EXERCISE REQUIREMENTS: Nothing but the records, transcribed verbatim and stripped of images, should appear in the answer.
= = = =
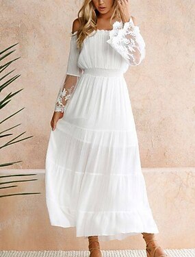 Per donna Abito Lungo Maxi Abito Abito in Pizzo Abito Bianco Elegante Moda Moderno Quotidiano Vacanza Uscire Vestibilità regolare Semplice Manica Lunga Senza Spalle Nero Bianco Primavera Autunno
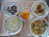鶏肉のごまみそ焼き ひじきサラダ ビーフンスープ ごはん みかん |
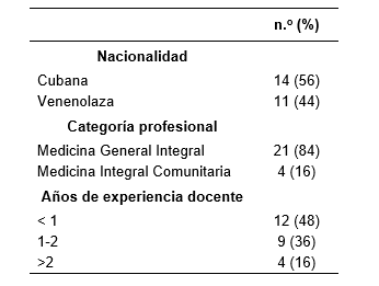 De los 25 vicecoordinadores docentes, 14 son de nacionalidad cubana (56 %) y 11 venezolanos (44 %). El 84 % (21) especialistas en Medicina General Integral y 4 (16 %) tienen más de 2 años de experiencia docente. (Tabla 1)
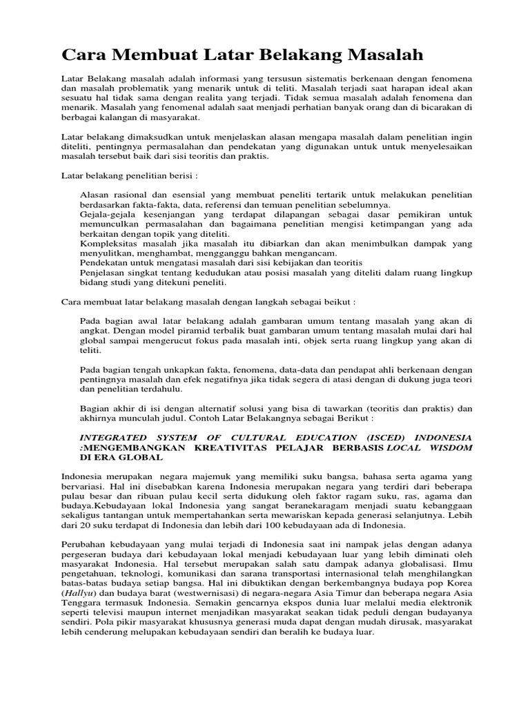 Contoh latar belakang masalah. Di dalam latar belakang masalah ini seolah olah peneliti sedang menjadi seorang detektif yang sedang mengamati lingkungan di tempat kejadian perkara. Buatlah latar belakang masalah yang lebih proporsional jangan sampai melebihi isi dari tulisan yang anda buat. Kini coba kita bahas latar belakang makalah agar lebih mempermudah anda saat menyusun makalah. Download contoh latar belakang. Tapi mungkin beberapa dari kalian masih bingung dengan latar belakang masalah. Contoh latar belakang masalah.
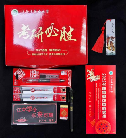 有实用靠谱的考研大礼包。“孔庙祈福”考试专用涂卡套装、晨光水笔和替芯、“虎虎生威、逢考必过”考研爱心助考餐券,学校特制版“虎虎生威”书签等。考前,学校就为全体考研学子送上了考研爱心大礼包,预祝大家成功上岸、金榜题名!
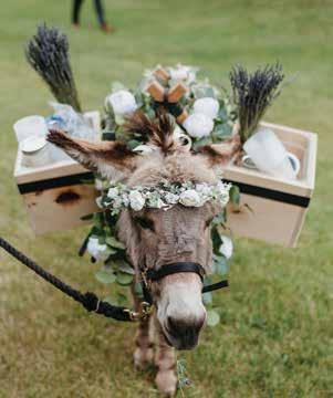 he is requested. He has a custom crafted pack with restaurant-grade beverage containers so guests can help themselves to drinks (beer, batched cocktails, etc.). He’s very agreeable and wears flower headpieces and wreaths, provided by either us or the couple. He’s always a crowd pleaser and one of the most photographed staff members we have. Guests love to give him alfalfa cubes as a tip!”
= = = =
RESPONSE BELOW:
 Per donna Abito Lungo Maxi Abito Abito in Pizzo Abito Bianco Elegante Moda Moderno Quotidiano Vacanza Uscire Vestibilità regolare Semplice Manica Lunga Senza Spalle Nero Bianco Primavera Autunno
鶏肉のごまみそ焼き ひじきサラダ ビーフンスープ ごはん みかん |
 De los 25 vicecoordinadores docentes, 14 son de nacionalidad cubana (56 %) y 11 venezolanos (44 %). El 84 % (21) especialistas en Medicina General Integral y 4 (16 %) tienen más de 2 años de experiencia docente. (Tabla 1)
 Contoh latar belakang masalah. Di dalam latar belakang masalah ini seolah olah peneliti sedang menjadi seorang detektif yang sedang mengamati lingkungan di tempat kejadian perkara. Buatlah latar belakang masalah yang lebih proporsional jangan sampai melebihi isi dari tulisan yang anda buat. Kini coba kita bahas latar belakang makalah agar lebih mempermudah anda saat menyusun makalah. Download contoh latar belakang. Tapi mungkin beberapa dari kalian masih bingung dengan latar belakang masalah. Contoh latar belakang masalah.
 有实用靠谱的考研大礼包。“孔庙祈福”考试专用涂卡套装、晨光水笔和替芯、“虎虎生威、逢考必过”考研爱心助考餐券,学校特制版“虎虎生威”书签等。考前,学校就为全体考研学子送上了考研爱心大礼包,预祝大家成功上岸、金榜题名!
 he is requested. He has a custom crafted pack with restaurant-grade beverage containers so guests can help themselves to drinks (beer, batched cocktails, etc.). He’s very agreeable and wears flower headpieces and wreaths, provided by either us or the couple. He’s always a crowd pleaser and one of the most photographed staff members we have. Guests love to give him alfalfa cubes as a tip!”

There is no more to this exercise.